Supplied records:

»»

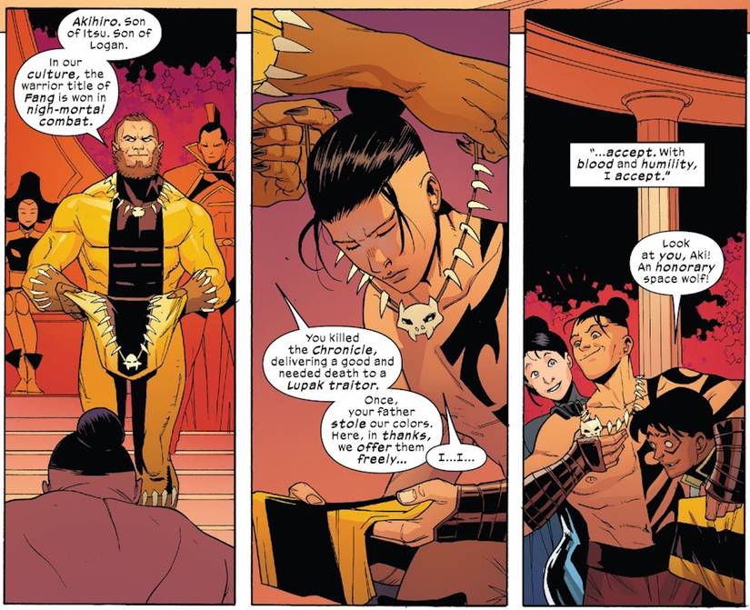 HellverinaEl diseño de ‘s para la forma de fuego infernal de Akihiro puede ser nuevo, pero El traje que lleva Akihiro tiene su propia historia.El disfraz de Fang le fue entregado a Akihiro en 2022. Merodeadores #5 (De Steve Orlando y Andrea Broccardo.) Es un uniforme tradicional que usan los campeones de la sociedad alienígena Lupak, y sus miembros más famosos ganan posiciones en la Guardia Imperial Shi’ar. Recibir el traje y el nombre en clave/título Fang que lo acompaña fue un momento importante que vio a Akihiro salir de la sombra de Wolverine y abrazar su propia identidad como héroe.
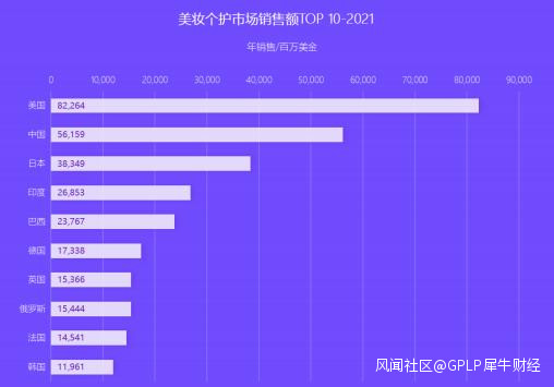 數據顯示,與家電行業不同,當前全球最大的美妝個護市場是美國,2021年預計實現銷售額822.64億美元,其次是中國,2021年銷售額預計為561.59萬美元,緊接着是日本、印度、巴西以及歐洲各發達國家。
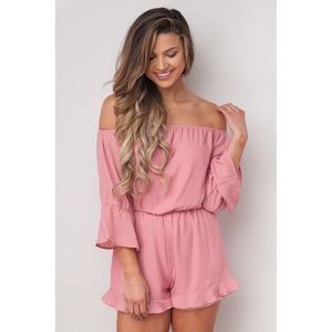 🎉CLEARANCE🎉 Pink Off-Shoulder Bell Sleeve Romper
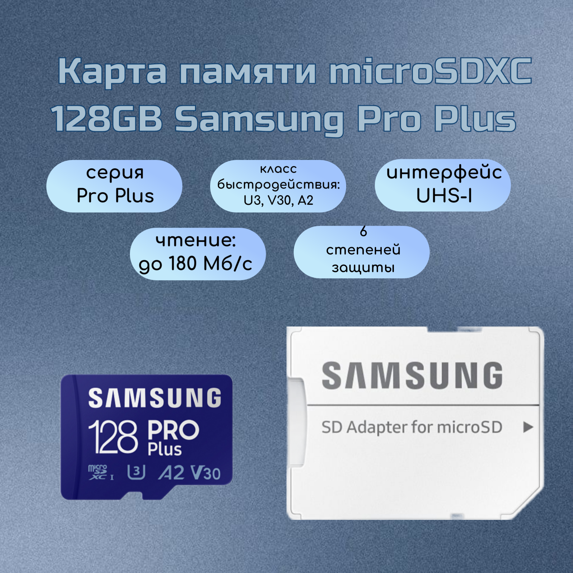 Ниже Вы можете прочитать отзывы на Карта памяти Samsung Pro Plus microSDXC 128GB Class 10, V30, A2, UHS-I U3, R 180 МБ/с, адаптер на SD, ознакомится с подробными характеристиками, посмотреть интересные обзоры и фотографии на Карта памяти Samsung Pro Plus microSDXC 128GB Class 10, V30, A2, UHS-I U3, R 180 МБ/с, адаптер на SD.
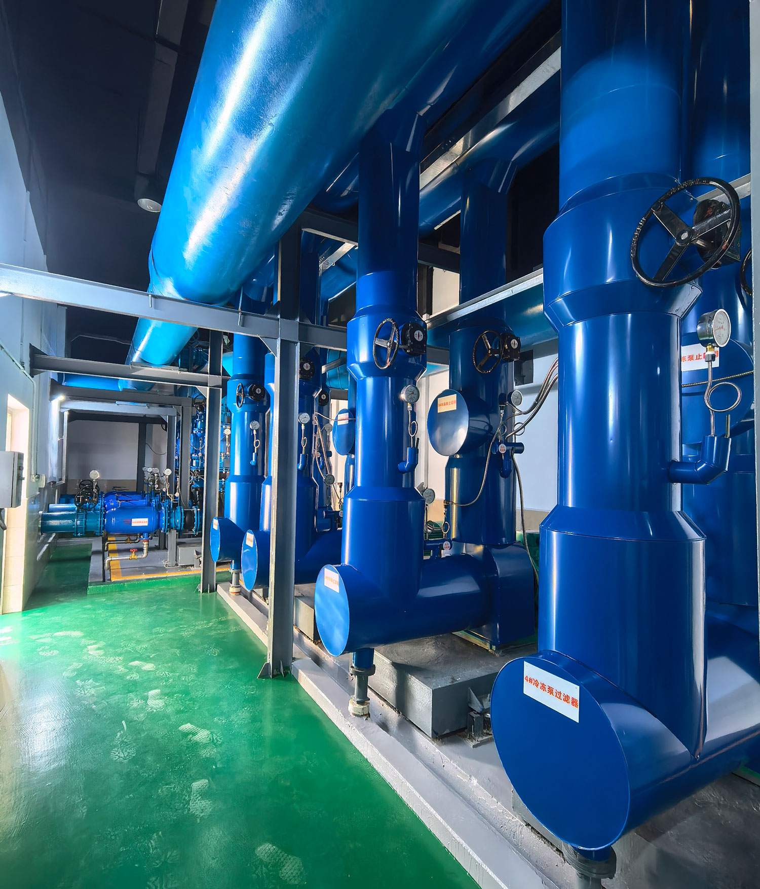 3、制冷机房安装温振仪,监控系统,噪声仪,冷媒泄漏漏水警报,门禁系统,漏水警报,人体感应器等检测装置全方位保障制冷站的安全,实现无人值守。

««
»»

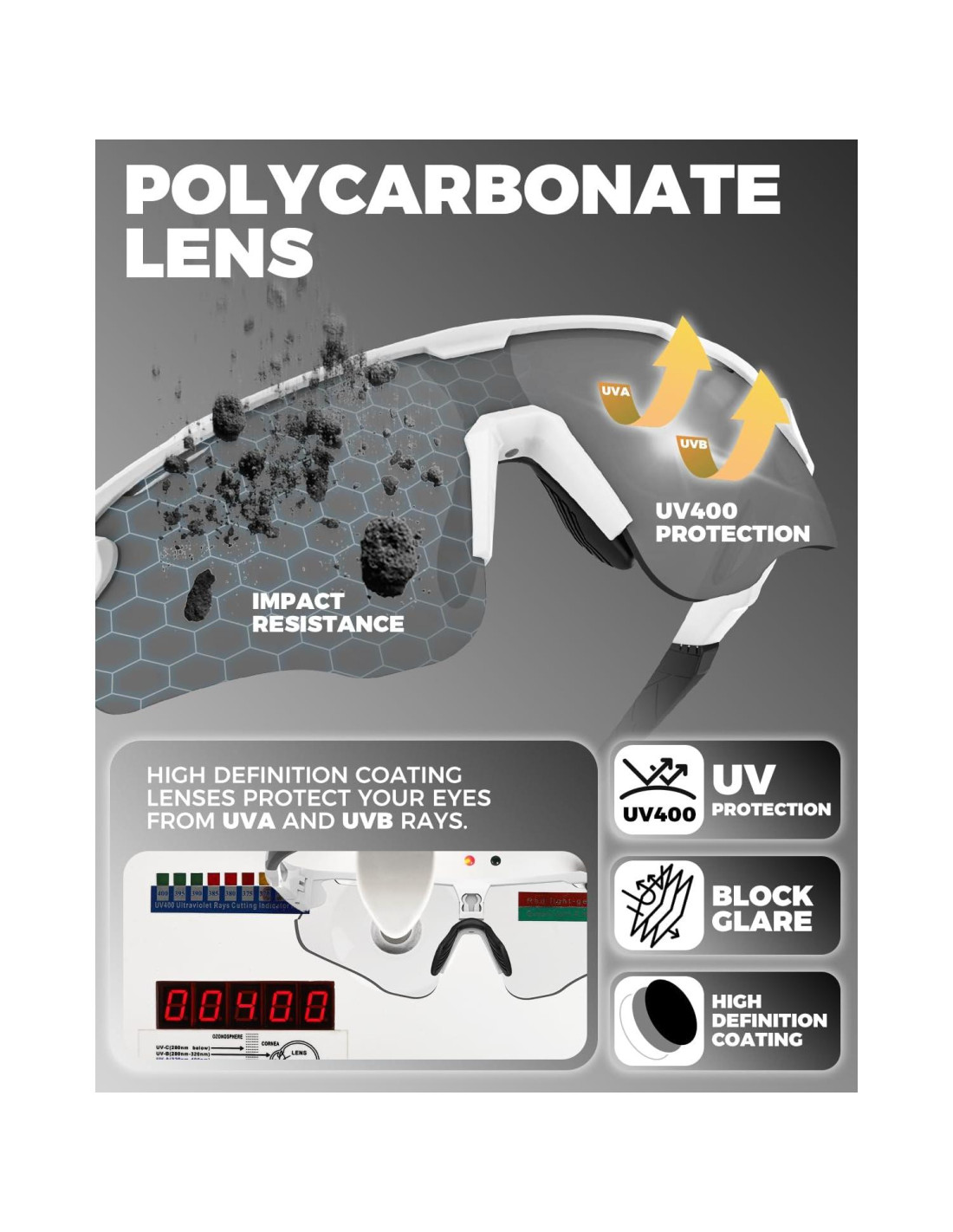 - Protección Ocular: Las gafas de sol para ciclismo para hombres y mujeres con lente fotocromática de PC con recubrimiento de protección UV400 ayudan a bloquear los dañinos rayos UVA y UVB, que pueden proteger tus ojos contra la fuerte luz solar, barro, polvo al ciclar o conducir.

««

Your instructions: From the line holding "數據顯示,與家電行業不同,當" to the line holding "3、制冷机房安装温振仪,监控", both included, retype the entries above exactly and drop the pictures.

Reply:
 數據顯示,與家電行業不同,當前全球最大的美妝個護市場是美國,2021年預計實現銷售額822.64億美元,其次是中國,2021年銷售額預計為561.59萬美元,緊接着是日本、印度、巴西以及歐洲各發達國家。
 🎉CLEARANCE🎉 Pink Off-Shoulder Bell Sleeve Romper
 Ниже Вы можете прочитать отзывы на Карта памяти Samsung Pro Plus microSDXC 128GB Class 10, V30, A2, UHS-I U3, R 180 МБ/с, адаптер на SD, ознакомится с подробными характеристиками, посмотреть интересные обзоры и фотографии на Карта памяти Samsung Pro Plus microSDXC 128GB Class 10, V30, A2, UHS-I U3, R 180 МБ/с, адаптер на SD.
 3、制冷机房安装温振仪,监控系统,噪声仪,冷媒泄漏漏水警报,门禁系统,漏水警报,人体感应器等检测装置全方位保障制冷站的安全,实现无人值守。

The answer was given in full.